In fact, string.find is more general than our version. First, it can find substrings, not just letters:

>>> string.find ("banana", "na")
2

Furthermore, it takes an additional argument that defines the index with which the search should start:

>>> string.find ("banana", "na", 3)
4

Or it can take two additional arguments specifying a range of indexes:

>>> string.find ("bob", "b", 1, 2)
-1

In this example, the search fails because the letter b does not appear in the index range from 1 to 2 (which no longer contains 2).

7.10 Classification of characters

It is often necessary to look at a single character and see whether it is a lower or upper case letter, or whether it is a letter or a number. The string module provides some constants that are useful for this purpose.

The string string.lowercase contains all letters that the system considers to be lowercase. Similarly, string.uppercase contains all capital letters. Try the following and see what result you get:

>>> print string.lowercase
>>> print string.uppercase
>>> print string.digits

We can use this constant and find to classify letters. For example, if find (lowercase, ch) returns a value other than -1, then ch must be a lowercase letter:

defisLower (ch):
return find (string.lowercase, ch)! = -1

Alternatively, we can also use the in operator, which determines whether a character occurs in a string:

defisLower (ch):
return ch in string.lowercase

Another alternative is to use the comparison operator:

defisLower (ch):
return'a '<= ch <=' z '

If ch between a and z it must be a lowercase letter.

Exercise: think about which version of isLower will be the fastest. Can you think of other reasons besides speed of execution for preferring this or that version?

Another constant defined in the string module may surprise you when you look at it:

>>> print string.whitespace

Whitespace Characters move the cursor without outputting anything. They show the "white space" between the visible characters (at least on white paper). The constant string.whitespace contains all such invisible characters, including the space, tab (\ t), and newline (\ n).

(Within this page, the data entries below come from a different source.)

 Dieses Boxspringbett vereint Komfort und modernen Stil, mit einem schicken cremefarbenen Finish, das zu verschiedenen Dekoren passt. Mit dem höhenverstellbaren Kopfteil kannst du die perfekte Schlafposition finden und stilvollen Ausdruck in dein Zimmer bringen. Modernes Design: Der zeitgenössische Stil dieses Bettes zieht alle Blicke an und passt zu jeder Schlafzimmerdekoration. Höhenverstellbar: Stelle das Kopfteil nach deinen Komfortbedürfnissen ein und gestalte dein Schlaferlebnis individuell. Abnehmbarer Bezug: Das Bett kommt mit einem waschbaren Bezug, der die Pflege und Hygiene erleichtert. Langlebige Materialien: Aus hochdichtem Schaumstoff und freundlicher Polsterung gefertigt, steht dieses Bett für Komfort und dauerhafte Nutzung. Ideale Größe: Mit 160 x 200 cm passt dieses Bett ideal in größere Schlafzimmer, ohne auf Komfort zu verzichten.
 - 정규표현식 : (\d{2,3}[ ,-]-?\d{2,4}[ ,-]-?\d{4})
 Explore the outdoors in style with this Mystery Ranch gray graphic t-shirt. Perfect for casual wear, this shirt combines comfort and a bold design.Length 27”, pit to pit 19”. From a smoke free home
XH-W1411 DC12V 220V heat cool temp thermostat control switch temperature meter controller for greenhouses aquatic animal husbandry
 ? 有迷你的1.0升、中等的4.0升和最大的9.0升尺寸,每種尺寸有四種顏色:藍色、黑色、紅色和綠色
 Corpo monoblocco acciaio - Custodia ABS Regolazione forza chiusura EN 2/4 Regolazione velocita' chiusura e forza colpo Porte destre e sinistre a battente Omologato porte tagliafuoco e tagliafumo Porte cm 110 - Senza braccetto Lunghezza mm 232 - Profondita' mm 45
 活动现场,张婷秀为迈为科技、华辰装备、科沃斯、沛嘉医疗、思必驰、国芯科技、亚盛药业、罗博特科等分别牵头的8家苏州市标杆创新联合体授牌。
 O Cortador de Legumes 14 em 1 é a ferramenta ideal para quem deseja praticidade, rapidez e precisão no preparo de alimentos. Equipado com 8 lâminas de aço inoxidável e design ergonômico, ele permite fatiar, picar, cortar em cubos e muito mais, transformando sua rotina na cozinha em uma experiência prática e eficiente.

There are a number of other useful functions in the string module. but this book is not intended to be a reference manual, unlike the Python Library Reference. It is available, along with other extensive documentation, on the Python website: www.python.org

7.11 Glossary

composite data type
A data type in which the values ​​consist of components, i.e. elements that are themselves values.
compound data type
A data type in which the values ​​are made up of components, or elements, that are themselves values.
run through
Carry out a similar operation for all elements of a set in sequence.
traverse
To iterate through the elements of a set, performing a similar operation on each.
index
A variable or value that is used to select an element of an ordered set, e.g. B. a character from a string
index
A variable or value used to select a member of an ordered set, such as a character from a string.
section
Part of a string specified by a range of indices.
slice
A part of a string specified by a range of indices.
changeable
A composite data type whose elements can be reassigned values.
mutable
A compound data types whose elements can be assigned new values.
counter
A variable that is used to count something. Usually it is initialized with zero and then incremented.
counter
A variable used to count something, usually initialized to zero and then incremented.
increment
Increase the value of a variable by one.
increment
To increase the value of a variable by one.
decrement
Decrease the value of a variable by one.
decrement
To decrease the value of a variable by one.
Whitespace sign
All characters that move the cursor without outputting any visible characters. The constant string.whitespace contains all "whitespace" characters.
whitespace
Any of the characters that move the cursor without printing visible characters. The constant string, whitespace contains all the whitespace characters.